1. Read the McCracken article:

https://www.baseballthinkfactory.org/fraser/articles/dips.htm

2. (Pitching Statistics) In this question we will become familiar with the data by analyzing some standard pitching statistics.

(a) Estimate each of the following probabilities. Each is a single value computed using all of the seasons in the dataset.

i. Probability of a plate appearance ending with a walk.

ii. Probability of a plate appearance ending with a strikeout.

iii. Conditional probability of a plate appearance ending with a strikeout given a walk did not occur.

iv. Average number of home runs per plate appearance.

v. Conditional probability of a plate appearance ending with a home run given neither a walk nor a strikeout occurred.

vi. Conditional probability of a plate appearance ending with a non-HR hit given that the plate appearance didn’t end with a walk, strikeout, or homerun.

(b) Compute for each season and pitcher, the average number of strikeouts per plate appearance that did not end in a walk (the second McCracken component). Dis-play the top 10 players in seasons 2016 and 2017 according to this statistic. In-clude pitcher, krate (your statistic), and the number of batters faced. Restrict your analysis to pitchers with at least 500 batters faced, and sort your table in decreasing order by krate.

(c) Repeat the previous problem with hrate (in place of krate), the fourth Mc-Cracken component.

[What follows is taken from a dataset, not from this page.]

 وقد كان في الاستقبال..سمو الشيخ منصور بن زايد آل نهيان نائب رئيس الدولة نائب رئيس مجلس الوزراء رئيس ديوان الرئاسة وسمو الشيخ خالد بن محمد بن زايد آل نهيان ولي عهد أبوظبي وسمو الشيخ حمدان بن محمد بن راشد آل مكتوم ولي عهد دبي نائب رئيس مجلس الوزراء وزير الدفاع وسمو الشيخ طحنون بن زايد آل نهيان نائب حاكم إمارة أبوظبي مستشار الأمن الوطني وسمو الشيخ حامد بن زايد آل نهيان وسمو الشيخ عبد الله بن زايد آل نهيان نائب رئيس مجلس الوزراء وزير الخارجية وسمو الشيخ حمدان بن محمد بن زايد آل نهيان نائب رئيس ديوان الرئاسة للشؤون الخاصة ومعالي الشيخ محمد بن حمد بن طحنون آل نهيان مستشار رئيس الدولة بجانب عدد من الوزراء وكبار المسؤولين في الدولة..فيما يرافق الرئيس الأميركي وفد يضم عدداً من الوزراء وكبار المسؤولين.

Recall that hrate is defined as the average number of non-HR hits that did not end in a walk, strikeout, or home run.

3. (Predicting McCracken Components) In this problem we forecast the McCracken com-ponents for a given season using data from the preceding season. Restrict to rows with at least 200 batters faced.

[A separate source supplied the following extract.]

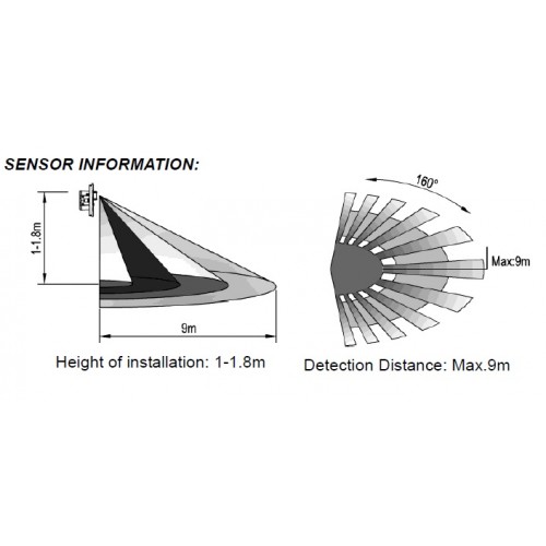 - ▶ Detector de movimiento por Infrarrojo con ángulo de detección de 180° y rango de detección de 9 m.

(a) Fit the following linear regression model:

bbrate ∼ bbrate_prev.

This is a single regression fit on the entire dataset. The response bbrate (average walks per plate appearance, the first McCracken component) varies over pitchers and seasons (except 2012), and the covariate bbrate prev is average walks per plate appearance for the same pitcher over the preceding season. A row should be excluded if the pitcher had strictly fewer than 200 batters faced in either the current season, or the preceding season.

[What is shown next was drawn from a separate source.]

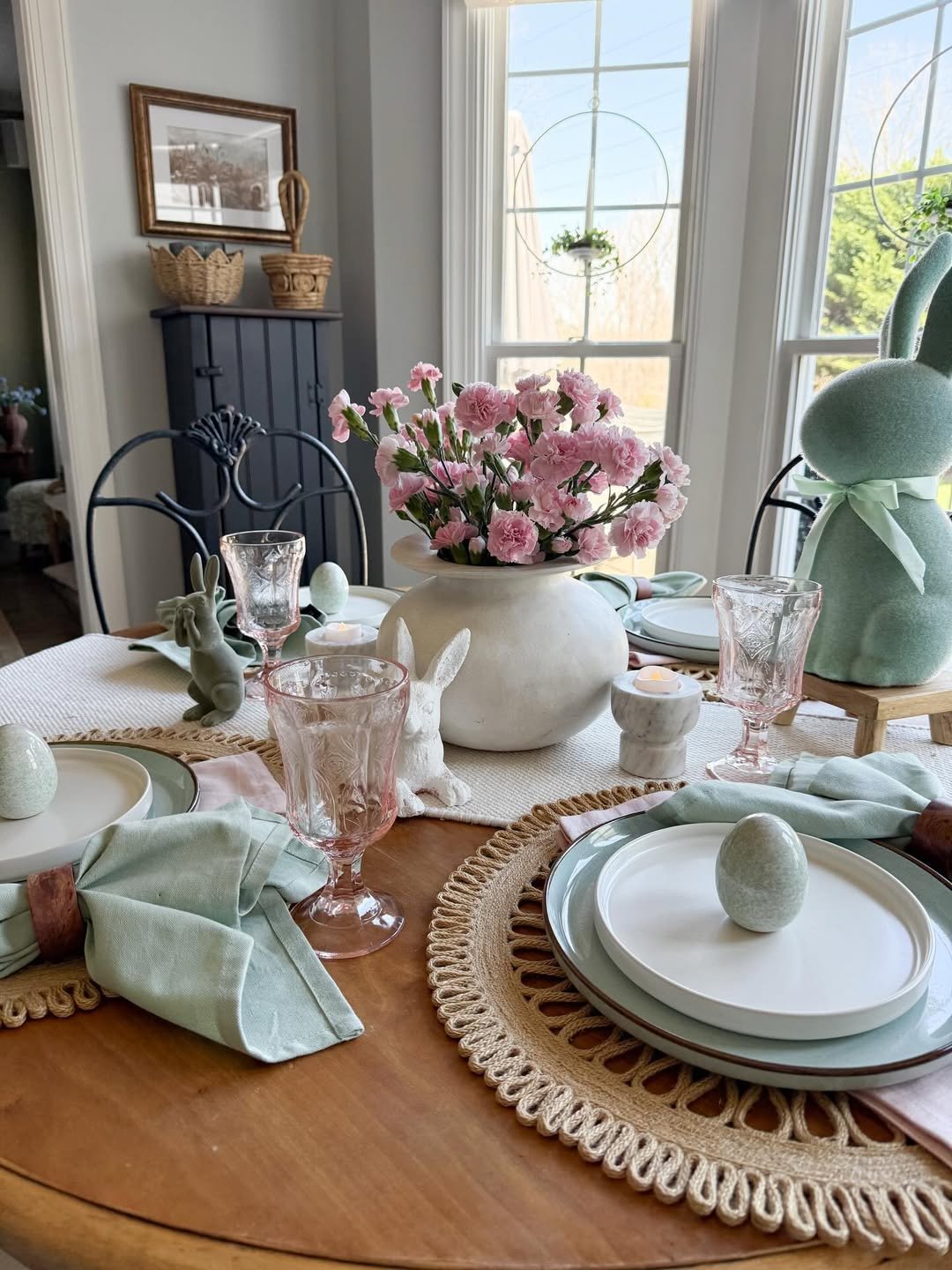 Muted greens, blush tones, and soft pink glassware create a table that feels gentle and welcoming. The bunny accents and simple florals add just enough personality without overwhelming the space.

i. Report the two coefficients from your model.

ii. By using additional features from the preceding season, try to improve your fit of bbrate.

A. List some of the features you tried, whether they had significant coeffi-cients, and what the value of the corresponding coefficient was.

B. For each feature listed above, give a brief explanation of your findings.

Your features can be other McCracken components, as well as other features you create using the columns in the given data.

(b) Repeat the previous part using krate, the second McCracken component (recall krate measures the average number of strikeouts per plate appearance that didn’t end in a walk).

(c) Repeat the previous part using hrrate, the third McCracken component (recall hrrate measures the average number of home runs per plate appearance that didn’t end in a walk or strikeout).

(d) Repeat the previous part using hrate, the fourth McCracken component (recall hrate measures the average number of non-HR hits per plate appearance that didn’t end in a walk, strikeout, or home run).